# Regression Analysis

## What is Regression Analysis[1]

Regression Analysis is a reliable method of identifying which variables have an impact on a topic of interest. The process of performing a regression allows you to confidently determine which factors matter most, which factors can be ignored, and how these factors influence each other. In order to understand regression analysis fully, it’s essential to comprehend the following terms:

• Dependent Variable: This is the main factor that you’re trying to understand or predict.
• Independent Variables: These are the factors that you hypothesize have an impact on your dependent variable.

Regression analysis is the “go-to method in analytics and smart companies use it to make decisions about all sorts of business issues. Most companies use regression analysis to explain a phenomenon they want to understand (for example, Why did customer service calls drop last month?); predict things about the future (for example, What will sales look like over the next six months?); or to decide what to do (for example, Should we go with this promotion or a different one?).

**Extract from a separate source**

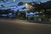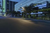 A snapshot of the metropolitan area of Los Angeles, California, USA with its modern architecture and mixed-use buildings, glass walls, road surface, street lights, neon lights, public spaces, headquarters, and residential areas illuminated in the evening light.

## How Regression Analysis Works[2]

To conduct a regression analysis, you gather the data on the variables in question. (Reminder: You likely don’t have to do this yourself, but it’s helpful for you to understand the process your data analyst colleague uses.) You take all your monthly sales numbers for, say, the past three years and any data on the independent variables you’re interested in. So, in this case, let’s say you find out the average monthly rainfall for the past three years as well. Then you plot all that information on a chart that looks like this:

The y-axis is the number of sales (the dependent variable, the thing you’re interested in, is always on the y-axis), and the x-axis is the total rainfall. Each blue dot represents one month’s data—how much it rained that month and how many sales you made that same month.

Glancing at this data, you probably notice that sales are higher on days when it rains a lot. That’s interesting to know, but by how much? If it rains three inches, do you know how much you’ll sell? What about if it rains four inches?

Now imagine drawing a line through the chart above, one that runs roughly through the middle of all the data points. This line will help you answer, with some degree of certainty, how much you typically sell when it rains a certain amount.

This is called the “regression line,” and it’s drawn (using a statistics program like SPSS or STATA or even Excel) to show the line that best fits the data. In other words, explains Redman, “The red line is the best explanation of the relationship between the independent variable and dependent variable.”

In addition to drawing the line, your statistics program also outputs a formula that explains the slope of the line and looks something like this:

y = 200 + 5x + error term

Ignore the error term for now. It refers to the fact that regression isn’t perfectly precise. Just focus on the model:

y = 200 + 5x

This formula is telling you that if there is no x then y = 200. So, historically, when it didn’t rain at all, you made an average of 200 sales and you can expect to do the same going forward, assuming other variables stay the same. And in the past, for every additional inch of rain, you made an average of five more sales. “For every increment that x goes up one, y goes up by five,” says Redman.

Now let’s return to the error term. You might be tempted to say that rain has a big impact on sales if for every inch you get five more sales, but whether this variable is worth your attention will depend on the error term. A regression line always has an error term because, in real life, independent variables are never perfect predictors of the dependent variables. Rather the line is an estimate based on the available data. So, the error term tells you how certain you can be about the formula. The larger it is, the less certain the regression line.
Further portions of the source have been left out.